In addition to being configured to be movably mounted to the drilling frame 162, the carriage frame 112 is also configured to support the rotary drive assembly 130 with a rotary drive support 118 in the form of a pair of shafts 220 that are mounted in a front cross member 222 and rear cross member 224. The shafts 220 extend through corresponding apertures 144 in the rotary drive housing 142 (FIG. 8) to form a pair of sliding supports. The sliding supports for the rotary drive support 118 laterally flank the drive spindle 140. The spindle axis A is positioned no higher than a reference line R connecting respective centers of the pair of sliding supports (e.g., the centers of the shafts 220 and the corresponding apertures 144 in the illustrated embodiment). The rotary drive assembly 130, in the embodiment illustrated in FIG. 7, includes two rotary drive motors 132. Other embodiments may have more or fewer motors. The rotary drive motors 132 can be hydraulic motors, but can alternately be electric motors in other embodiments. The rotary drive motors 132 are mounted to the rotary drive housing 142, with a rotary drive pinon gear 134 provided on the output shaft of the motor(s) 132. An idler gear 136 is supported within the rotary drive housing 142, in mesh with the rotary drive pinion 134 and in mesh with a rotary drive final gear 138. This gear train is configured to provide an appropriate speed reduction, while also minimizing the overall width of the rotary drive housing 142, by vertically stacking the gears 134, 136, 138. A portion of the drive spindle 140 is mounted in the rotary drive housing 142 and is fixed to the rotary drive final gear 138 to rotate therewith. In other words, the drive spindle 140 is coaxial with the rotary drive final gear 138. The remainder of the drive spindle 140 extends out from the rotary drive housing 142, including a distal end operable to connect with the drill string during use of the HDD machine 100.
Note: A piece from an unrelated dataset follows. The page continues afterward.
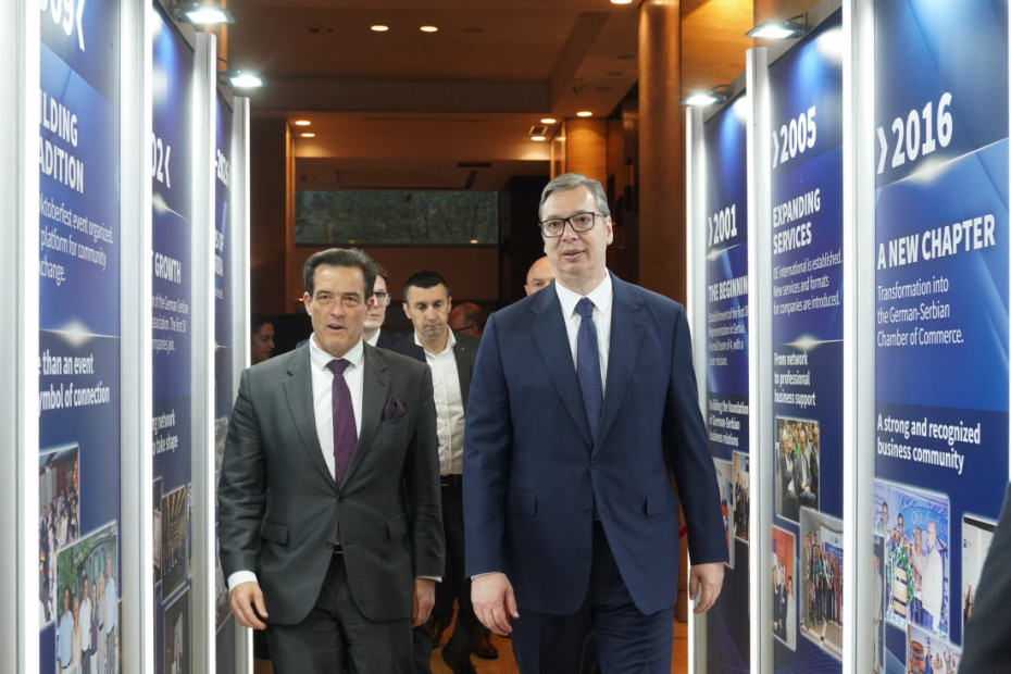 Predsednik Srbije Aleksandar Vučić prisustvovao je svečanosti "25 godina partnerstva uz fokus na inovacije i tehnologiju", koju je povodom jubileja privredne saradnje dve zemlje organizovala Nemačko-srpska privredna komora (AHK).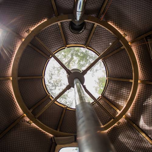 Combining the precision of aeronautical engineering and the romance of wild camping the 3m diameter Tree Tent is a truly special place to hunker down for that all year round, off-grid, wilderness experience. Suspended up in the tree tops the Tree Tent has a minimal impact on its environment but a huge impact with its guests.

This arrangement of the carriage assembly 110 is configured, as previously described, to minimize a distance between the central axis A of the drive spindle 140 and the carriage positioning axis 176 (FIG. 9) that passes through the carriage positioning anchor point 174. This distance is referred to as the drill string or “driveline” offset X, labeled in FIGS. 6 and 9. The carriage positioning anchor point 174 and the carriage positioning axis 176 can be positioned at or near a top edge of the rack gear 168 in a construction where thrust drive is provided through a rack gear 168). A bottom-most portion of the rotary drive housing 142 can be at or below the carriage positioning anchor point 174 and the carriage positioning axis 176 in some constructions. In one possible construction, shown in detail in the front view of FIG. 8A, the rotary drive housing 142A may have a bottom edge 143 extending between the sliding supports, and the bottom edge 143 is provided by multiple separate profiles (e.g., separate curves or arcs). The separate profiles at the bottom edge 143 meet at a shoulder 145. The shoulder 145 is positioned such that the change in profile reduces the outside dimension (e.g., as measured from the drive spindle axis A) of the rotary drive housing 142A in the area closest to the carriage positioning anchor point 174 and the carriage positioning axis 176 (e.g., along the top of the rack gear 168). A bottom-most point of the bottom edge 143 can be at or below the carriage positioning anchor point 174 and the carriage positioning axis 176. Thus, a horizontal reference line extending transversely across the carriage assembly 110 (left-to-right in FIG. 8A) at the height of the carriage positioning anchor point 174 and the carriage positioning axis 176 may intersect the bottom edge 143 of the rotary drive housing 142A.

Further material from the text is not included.